Previstos para vencer em 2031, os CRAs foram resgatados antecipadamente pela Ecoagro, a empresa securitizadora responsável pela emissão dos títulos.  Isto ocorreu dez dias antes da inclusão de Fernandes na Lista Suja do trabalho escravo, em 6 de outubro de 2025 – ou seja, cerca de um ano após o resgate. A inclusão de nomes na Lista Suja ocorre apenas após os autuados terem acesso a direito de defesa em duas instâncias administrativas no MTE.

O resgate antecipado, segundo comunicado ao mercado divulgado pela Ecoagro, deveu-se ao fato do sojicultor ter resgatado, também antecipadamente, a CPR que servia de lastro para a operação.

Uma fonte do mercado financeiro consultada pela reportagem classificou como pouco usual o resgate prematuro. A emissão dos CRAs havia sido anunciada menos de dois meses antes. A Repórter Brasil procurou o produtor para questionar se a antecipação do vencimento dos títulos se relaciona com a inserção de seu nome na relação de empregadores autuados, mas não obteve resposta até a publicação.
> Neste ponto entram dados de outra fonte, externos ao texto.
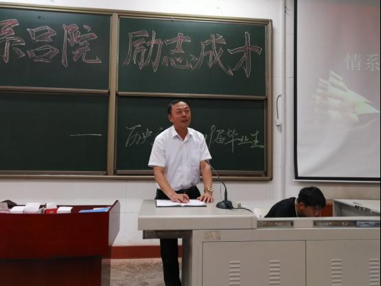 在毕业季来临之际,为帮助毕业生明确大学生活的意义,增进师生感情,2019年6月9日17:30,太阳成集团tyc234cc于阶教2C-201开展了“情系吕院,励志成才”的主题毕业班会。出席本次活动的有太阳成集团tyc234cc党总支书记高喜明,党总支副书记张鸿鸽,太阳成集团tyc234cc主任李婷婷,副主任张小萍,班主任王芳、郜俊斌。同时,太阳成集团tyc234cc15级全体学生参加了本次毕业班会。

A reportagem será atualizada em caso de manifestações futuras.

Medidas regulatórias e políticas corporativas de diversas empresas utilizam a Lista Suja como referência para impor restrições econômicas a fazendeiros flagrados utilizando mão de obra escrava. As normas do Banco Central vetam, por exemplo, a concessão de crédito rural para empregadores incluídos no cadastro.

Procurada, a Ecoagro afirmou ter feito as diligências legais pertinentes e que não tinha conhecimento sobre o caso de trabalho escravo no momento da emissão dos CRAs. Além disso, disse que o resgate antecipado foi uma decisão exclusiva do devedor, sem relação com esse tema.
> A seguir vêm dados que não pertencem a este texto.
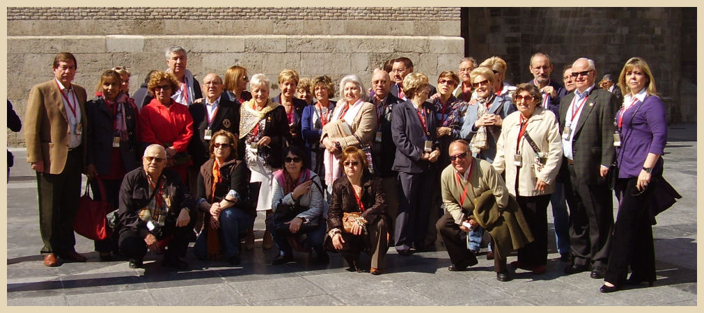 El sábado visitamos alguno de los lugares de interés de Zaragoza, que procede del antiguo topónimo romano Caesaraugusta, nombre que recibió en honor al emperador Cesar Augusto, y que llego a nuestros días a través del árabe Saragusta. Empezamos por visitar la Catedral - Basílica de Nuestra Sra. del Pilar, el templo barroco más grande de España, seguidamente la Catedral del Salvador (La Seo) mezcla de románico, gótico, mudéjar y barroco, a continuación el Palacio de la Alfajeria, y así pasamos la mañana, viendo y recorriendo tan magnífica ciudad. Al medio día comimos en el hotel acompañados de los C.L del Club de Zaragoza y por la tarde tiempo libre para visitar esas callejuelas del centro de Zaragoza donde hay grandes tabernas que con sus aperitivos quitan las ganas de cenar, en la cena recibimos la visita de algunos de los C.L de Zaragoza, que nos comentaros que el Domingo se pasarían por el Hotel, para acompañarnos en otra visita a la ciudad, no diciéndonos nada de la sorpresa que nos tenían guardada para ese Domingo excepcional. No podéis ni imaginaros como se han portado los compañeros del Club de Zaragoza, su ayuda ha sido primordial.

A Vórtx, empresa que atuou como agente fiduciário da operação – responsável, portanto, por representar os interesses dos investidores e monitorar o cumprimento dos termos da emissão – também afirmou não ter tomado conhecimento do caso.

<><> Demandas por transparência no crédito agro

“Só a autuação [por trabalho escravo] já é indício para não dar o crédito”, afirma Ademiro Vian, ex-diretor da Febraban (Federação Brasileira de Bancos) e consultor em finanças do agronegócio. Uma securitizadora “criteriosa”, diz, aplica boas práticas de crédito, mesmo quando não obrigada por lei.

O consultor critica a falta de padronização do mercado de títulos do agronegócio. Para Vian,  o setor tem baixa transparência e falhas de governança e compliance que seriam inadmissíveis em operações internacionais.  Além de regulação estatal, ele defende autorregulação rigorosa pelo mercado e as “boas práticas” de crédito como regra. “É isso que está desmoralizando, de certa forma, o mercado de capitais de títulos do agro”, diz.

Os CRAs funcionam como adiantamento de recursos financeiros, com base em dívidas agrícolas que seriam pagas no futuro. Esse modelo de crédito privado tem crescido e se aproximado do volume de crédito subsidiado pelo governo destinado à atividade rural. Para o ciclo 2025/2026, o governo destinou R$ 516,2 bilhões ao Plano Safra. Já no mercado privado, o estoque de CRAs, ou seja, o conjunto de títulos em circulação, já havia superado R$ 140 bilhões em agosto de 2025, segundo a Anbima (Associação Brasileira das Entidades dos Mercados Financeiro e de Capitais).